6 Tips to Effectively Manage Your Business Budget
Much has been written about the importance of building a budget to manage the financial affairs of your business. And the premise of all that prose is correct: a budget is the most effective way to achieve your profit goals. But the assumption seems to be that once you have a budget, your work is done. It’s not.
When you have a budget, you have to know how to use it. Here’s a checklist of six basic ways you should be using your budget.
6 tips to manage a business budget
- Be smart. Consult your budget before you commit funds. It seems a logical assumption: You have to know what you’ve budgeted to spend before you make a spending decision. But a lot of businesses don’t do this. Look first, then commit.
- Be open. Honesty about your budget is a perfectly legitimate response to a vendor that demands a price you consider excessive. If you can’t spend more than is in your budget, tell the vendor. This isn’t indiscreet. And the vendor may want the sale enough to meet your constraints.
- Be balanced. If you absolutely have to spend money for something that’s not in your budget, remove or postpone an equal amount of money elsewhere in your budget. This is called a trade-off. Spend a little more here, a little less there, and make things balance at the bottom. Very rarely does every dollar have to be spent the way you originally planned.

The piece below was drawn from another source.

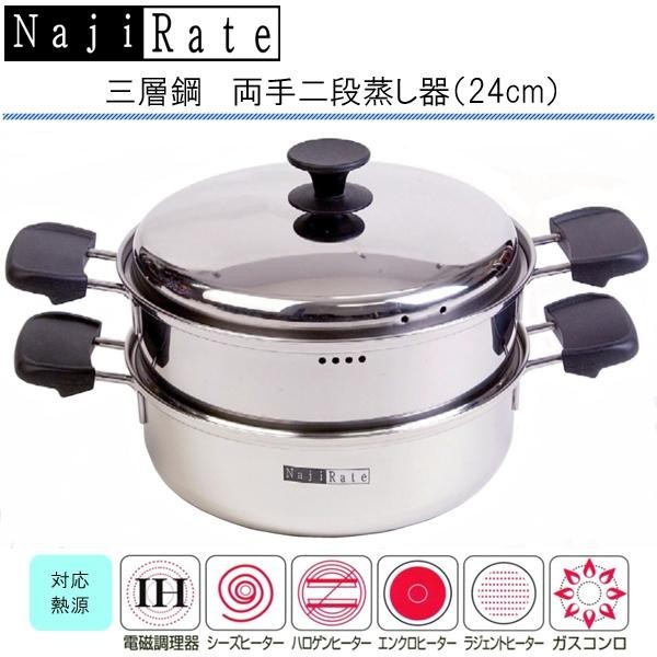 | ステンレス製品の名産地、新潟県燕市でつくられた二段蒸し器です。三層鋼は熱伝導に優れた鉄を、耐久性に優れた18-10ステンレスで挟んだ素材で、熱がムラなく伝わり、優れた保温力で効率よく調理ができます。表面はステンレスですのでサビやキズに強く、お手入れも簡単です。 |
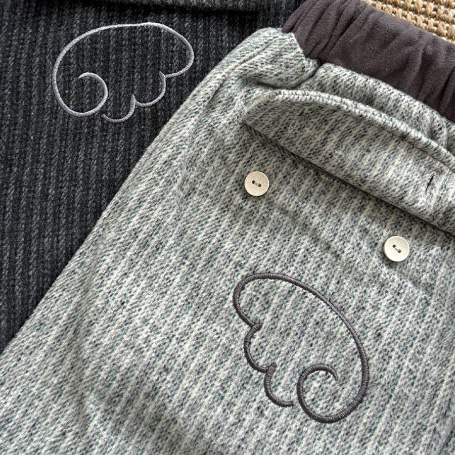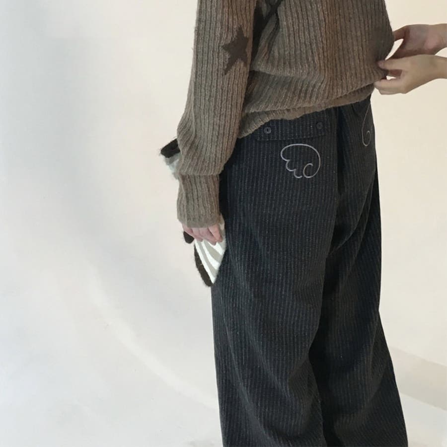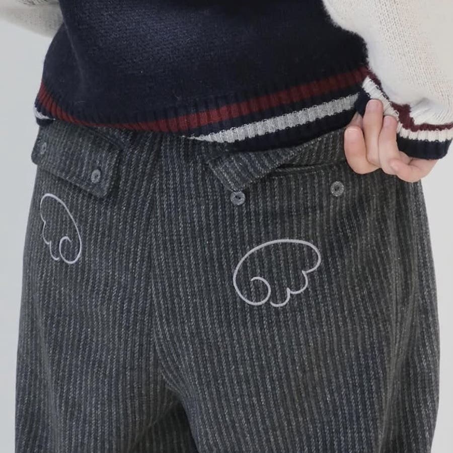 甘辛系ガールズ☆縦ストライプ×ウィング刺繍 ルーズストレートパンツ

- Be frugal. If revenue doesn’t develop as you planned, underspend accordingly. In the end, your budget is about the bottom line. And if revenue is less than you thought it would be, you likely don’t need to spend as much to support those nonexistent revenue streams. So figure out what money was designated to support the revenue that didn’t come in—and don’t spend that money.
- Be timely. Scheduling is not trivial. Don’t spend ahead of time. If you must spend before you planned to do so, postpone something else in the same time period until you can catch up. This is another trade-off.
- Be tough. “Oops!” is not a good excuse for overspending. If you inadvertently overspend, drop something else that’s in your budget—or at least defer it until you can make up the difference. This is another form of trade-off, best avoided by referring to the first step in this list.
A shared responsibility
Most CEOs would agree that these steps make a company budget more effective; that is, most CEOs of companies that actually have budgets, which is not most companies. Most CEOs will also say their managers should do a better job of budgeting. Some might say these CEOs should do a better job of training their managers. Me? I’m just sayin’.